[[ Input records open ]]

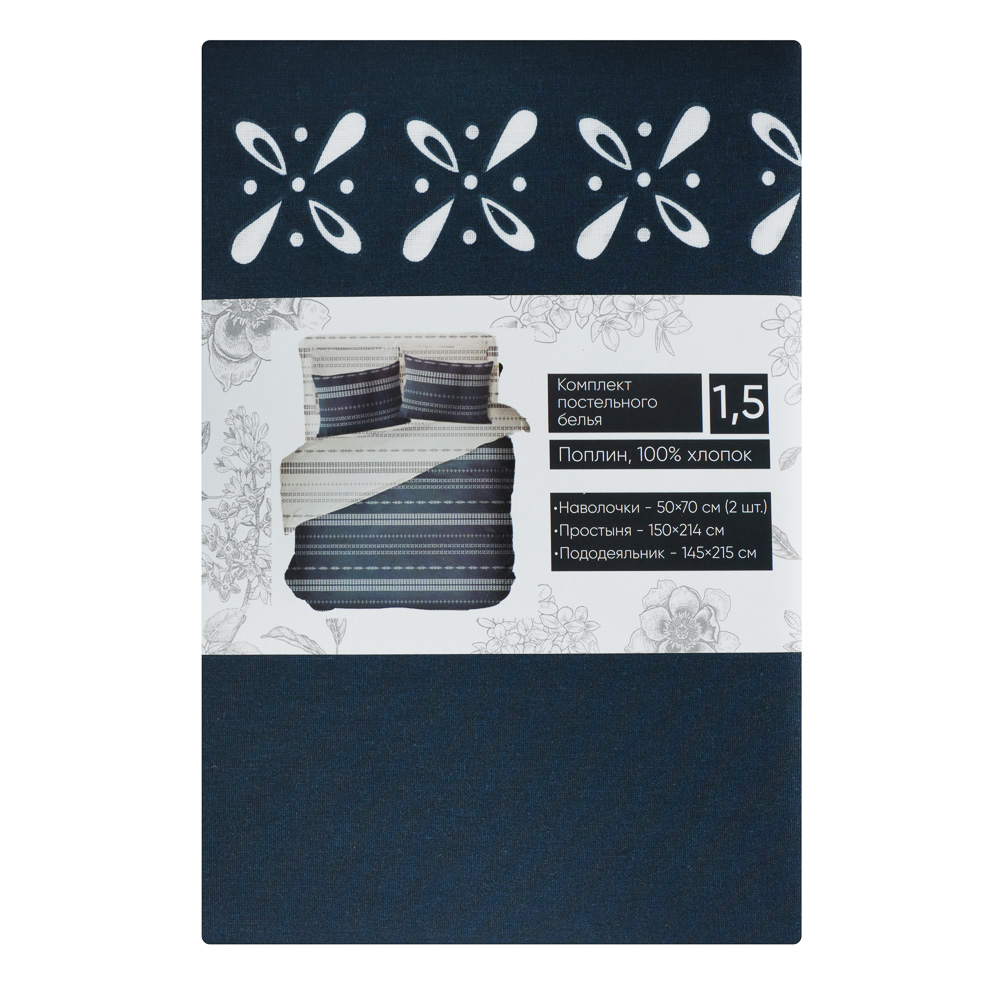В комплект входят четыре предмета: две наволочки размером 50х70 см, простыня размером 150х214 см и пододеяльник размером 145х215 см.
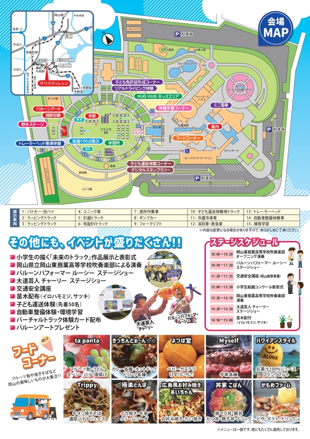 大型ダンプカーの展示やフォークリフトの操作体験のほか、季節のフルーツ販売など、家族で楽しめる催しものが盛りだくさん。
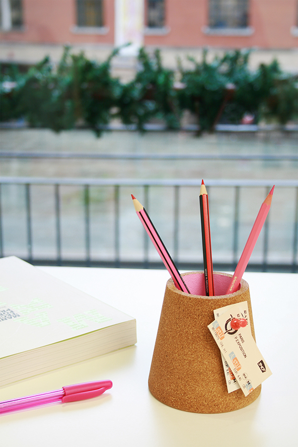 Стакан для ручек пробковый розовый
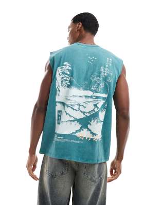 ASOS DESIGN heavyweight oversized singlet in washed blue with souvenir back print
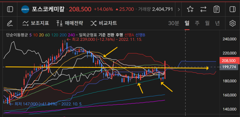 포스코케미칼은 일차트로 120일선을 지지하면서 W를 만들었고 오늘 14%라는 큰 상승이 나오면서 한번에 20만원을 돌파한 것이 포인트다.
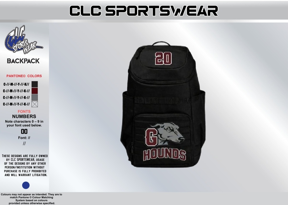 Carry your game-day essentials in style with the Hounds Football Backpack (Black). This sleek black backpack features the bold G Hounds greyhound mascot logo on the front pocket and a customizable number panel on the top flap for a personalized, program-issued look. Multiple compartments provide organized storage for apparel, accessories, water bottles, and smaller gear items, making it ideal for practice days, travel, and school.
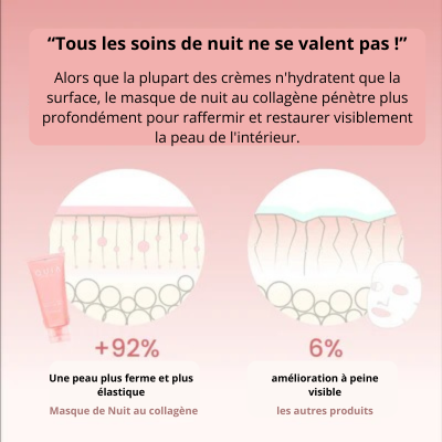 Vous avez tout essayé et la fatigue des promesses non tenues se fait sentir ? Nous comprenons ce sentiment. Pourtant, il suffit d'une nuit avec notre Masque au Collagène pour inverser la tendance. La transformation est si visible qu'elle a étonné nos clients les plus sceptiques : au lieu d'un réveil ordinaire, vous découvrez une peau intensement hydratée, visiblement repulpée et incroyablement lisse, sans aucune trace de produit sur l'oreiller. Ce soin de nuit travaille pendant que vous dormez pour stimuler le collagène et effacer les signes de fatigue. Cessez de douter et offrez-vous le réveil radieux que vous méritez.
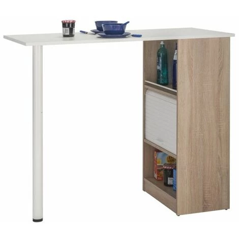 Meuble Rangement de Cuisine Coloris Chêne Naturel avec Table et Pied Métal
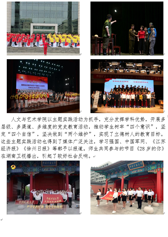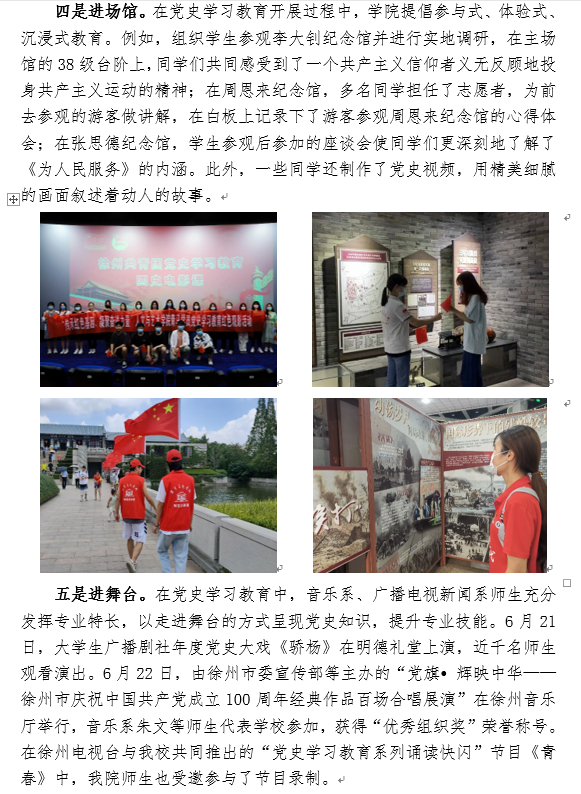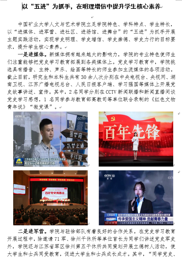 特色、学科特点、学生特长,以“进媒体、进军营、进社区、进场馆、进舞台”的“五进”为抓手开展主题实践活动,实现学史明理、学史增信、学史崇德、学史力行的目标要求,提升学生核心素养,取得了显著效果。

[[ Input records closed ]]

Exercise description: Please copy, exactly as written, the lines from the one that contains "ASOS DESIGN heavyweight" through the end of the records, both ends included. Do not include the pictures.

Task result:
 ASOS DESIGN heavyweight oversized singlet in washed blue with souvenir back print
 포스코케미칼은 일차트로 120일선을 지지하면서 W를 만들었고 오늘 14%라는 큰 상승이 나오면서 한번에 20만원을 돌파한 것이 포인트다.
 Carry your game-day essentials in style with the Hounds Football Backpack (Black). This sleek black backpack features the bold G Hounds greyhound mascot logo on the front pocket and a customizable number panel on the top flap for a personalized, program-issued look. Multiple compartments provide organized storage for apparel, accessories, water bottles, and smaller gear items, making it ideal for practice days, travel, and school.
 Vous avez tout essayé et la fatigue des promesses non tenues se fait sentir ? Nous comprenons ce sentiment. Pourtant, il suffit d'une nuit avec notre Masque au Collagène pour inverser la tendance. La transformation est si visible qu'elle a étonné nos clients les plus sceptiques : au lieu d'un réveil ordinaire, vous découvrez une peau intensement hydratée, visiblement repulpée et incroyablement lisse, sans aucune trace de produit sur l'oreiller. Ce soin de nuit travaille pendant que vous dormez pour stimuler le collagène et effacer les signes de fatigue. Cessez de douter et offrez-vous le réveil radieux que vous méritez.
 Meuble Rangement de Cuisine Coloris Chêne Naturel avec Table et Pied Métal
 特色、学科特点、学生特长,以“进媒体、进军营、进社区、进场馆、进舞台”的“五进”为抓手开展主题实践活动,实现学史明理、学史增信、学史崇德、学史力行的目标要求,提升学生核心素养,取得了显著效果。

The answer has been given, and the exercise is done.